Segment Start: MATERIAL PROVIDED
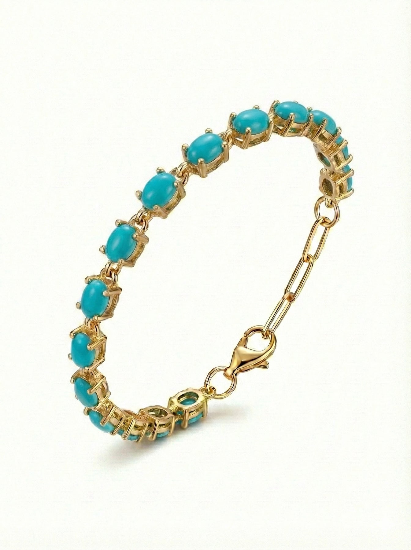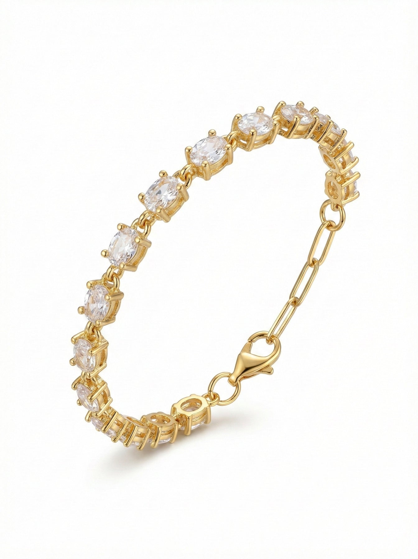 Klasik su yolu bilekliğin zarafeti, modern zincir detaylarıyla güncellendi. Oval kesim taşların ışıltısı ve altın kaplamanın sıcaklığı Nova bileklikte buluştu. Hem gündüz hem gece, her an seninle.
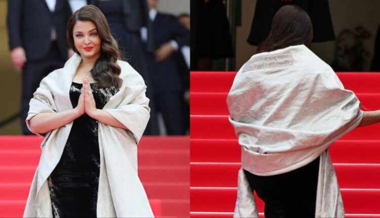 Styled by Allia Al Rufai, Aishwarya Rai wrapped the gown in a pre-constructed shawl-inspired cape trailing on both sides. The highlight of the statement garment was the Sanskrit shloka from the Bhagavad Gita that was inscribed on the back of the cape.
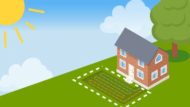 Horizontální kolektor pod zahradou zásobuje dům teplem z půdy. Ukazuje praktické využití systému u rodinného domu
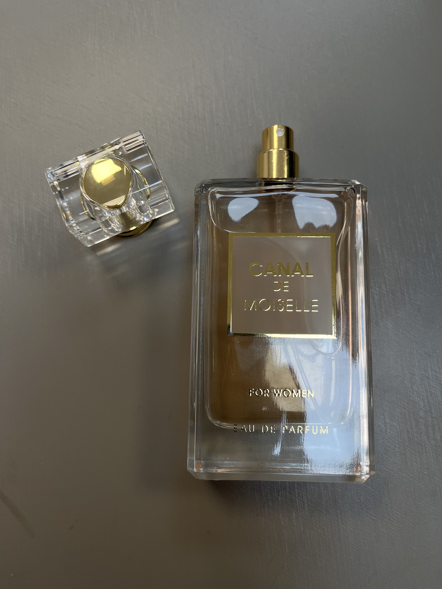 بطری مستطیل شکل، شفاف و صورتی رنگ ب همراه نوشته طلایی نشان دهنده ی ترکیب لطافت زنانه و شفافیت وجودی زنانه می باشد. روی شیشه یک کادر طلایی رنگ وجود دارد که درون آن نام Canal De Moiselle و در قسمت پایین نام Fragrance world دیده می شود. گردن بطری با رنگ طلایی خود، حال و هوای لوکس و شیکی به عطر بخشیده است. ظاهر و بسته بندی شیک ادکلن کانال دی مویسل بر گرفته از شیشه نمونه فرانسوی این ادکن یعنی کوکو مادمازل بهترین و محبوب ترین ادکلن زنانه جهان می باشد.
Segment End: MATERIAL PROVIDED
▶ [ACTIVITY]:
The listing above should be transcribed word for word, with its pictures left out.

▶ [THE COMPLETED TASK]:
 Klasik su yolu bilekliğin zarafeti, modern zincir detaylarıyla güncellendi. Oval kesim taşların ışıltısı ve altın kaplamanın sıcaklığı Nova bileklikte buluştu. Hem gündüz hem gece, her an seninle.
 Styled by Allia Al Rufai, Aishwarya Rai wrapped the gown in a pre-constructed shawl-inspired cape trailing on both sides. The highlight of the statement garment was the Sanskrit shloka from the Bhagavad Gita that was inscribed on the back of the cape.
 Horizontální kolektor pod zahradou zásobuje dům teplem z půdy. Ukazuje praktické využití systému u rodinného domu
 بطری مستطیل شکل، شفاف و صورتی رنگ ب همراه نوشته طلایی نشان دهنده ی ترکیب لطافت زنانه و شفافیت وجودی زنانه می باشد. روی شیشه یک کادر طلایی رنگ وجود دارد که درون آن نام Canal De Moiselle و در قسمت پایین نام Fragrance world دیده می شود. گردن بطری با رنگ طلایی خود، حال و هوای لوکس و شیکی به عطر بخشیده است. ظاهر و بسته بندی شیک ادکلن کانال دی مویسل بر گرفته از شیشه نمونه فرانسوی این ادکن یعنی کوکو مادمازل بهترین و محبوب ترین ادکلن زنانه جهان می باشد.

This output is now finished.